* Work task: Copy all lines below exactly as written. Leave pictures out.

* Data segment:
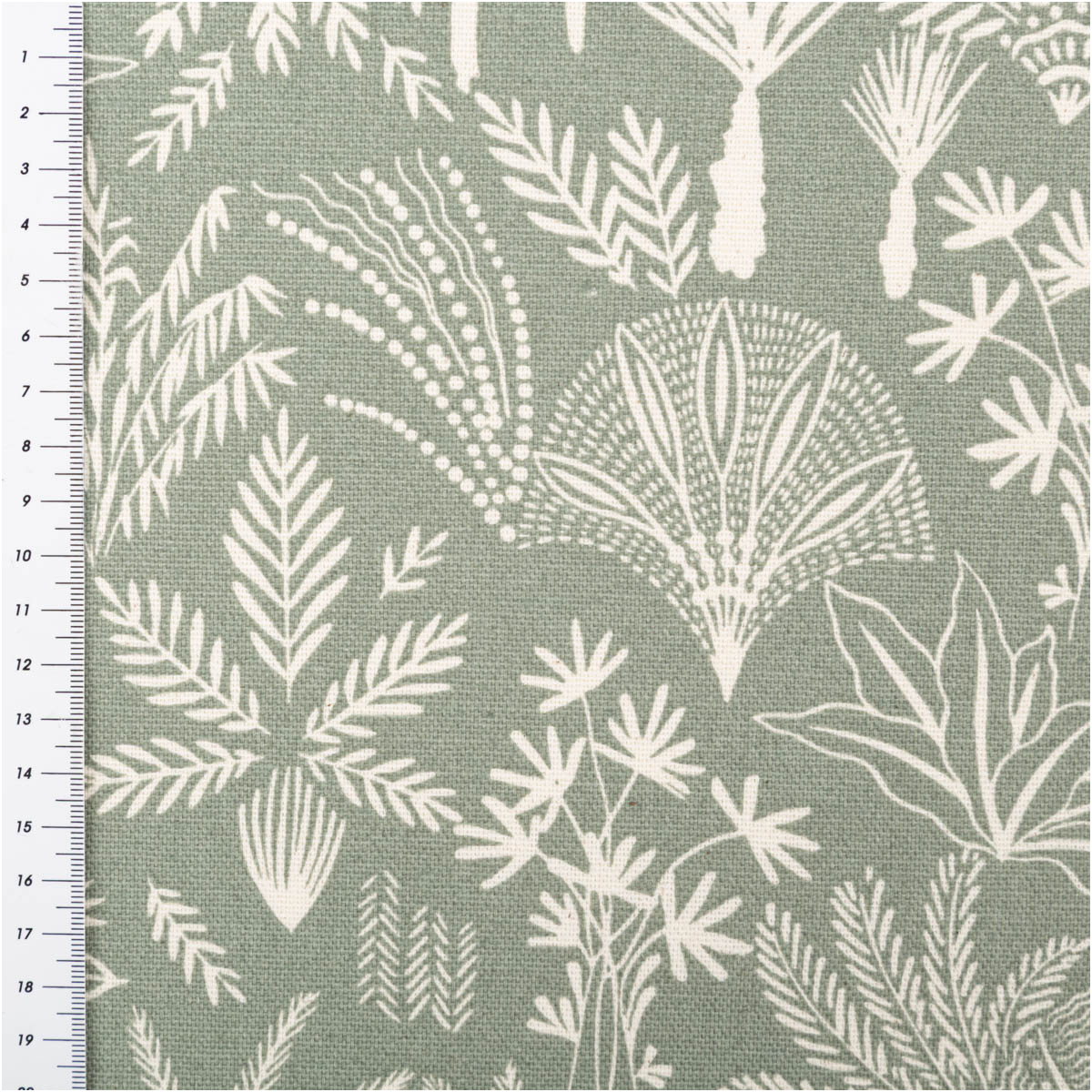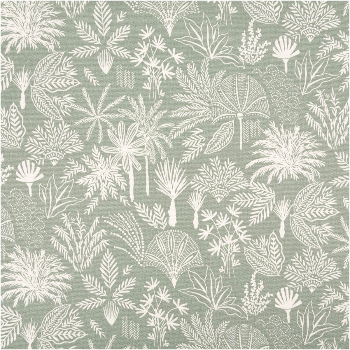 Natürliches Pflanzen-Dessin – Exotische Palmen, Blätter & Pflanzen in sanftem Salbei-Grün für ein harmonisches Wohnambiente. Ein exklusives Dessin aus Frankreich.
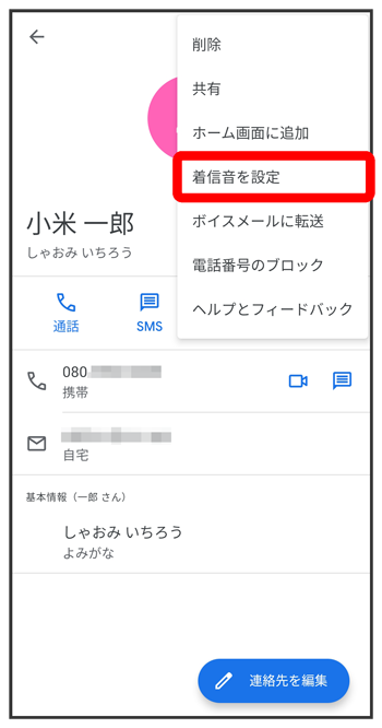 連絡先ごとに着信音を設定する
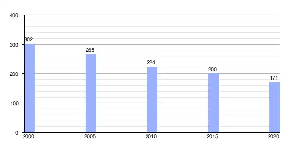 | Gráfica de evolución demográfica de Rececende (aldea) entre 2000 y 2020 |
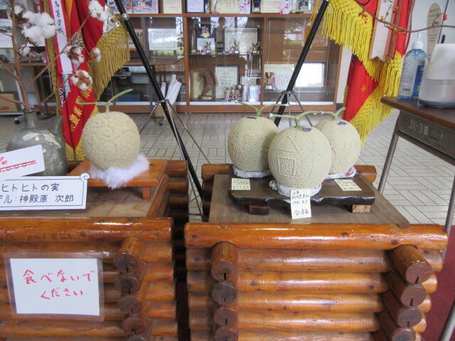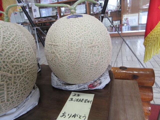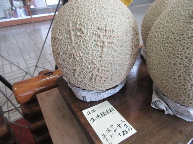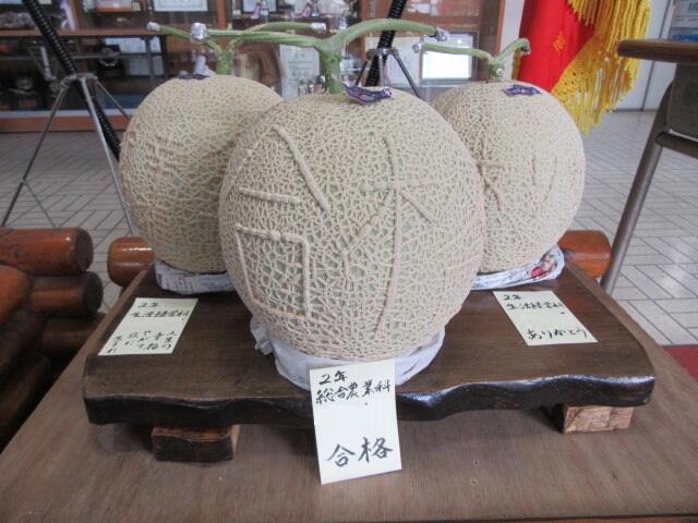 今、正面玄関には生徒が育てたメロンも展示してあります。よく見ると模様や文字が・・・!

* Exercise solution:
 Natürliches Pflanzen-Dessin – Exotische Palmen, Blätter & Pflanzen in sanftem Salbei-Grün für ein harmonisches Wohnambiente. Ein exklusives Dessin aus Frankreich.
 連絡先ごとに着信音を設定する
 | Gráfica de evolución demográfica de Rececende (aldea) entre 2000 y 2020 |
 今、正面玄関には生徒が育てたメロンも展示してあります。よく見ると模様や文字が・・・!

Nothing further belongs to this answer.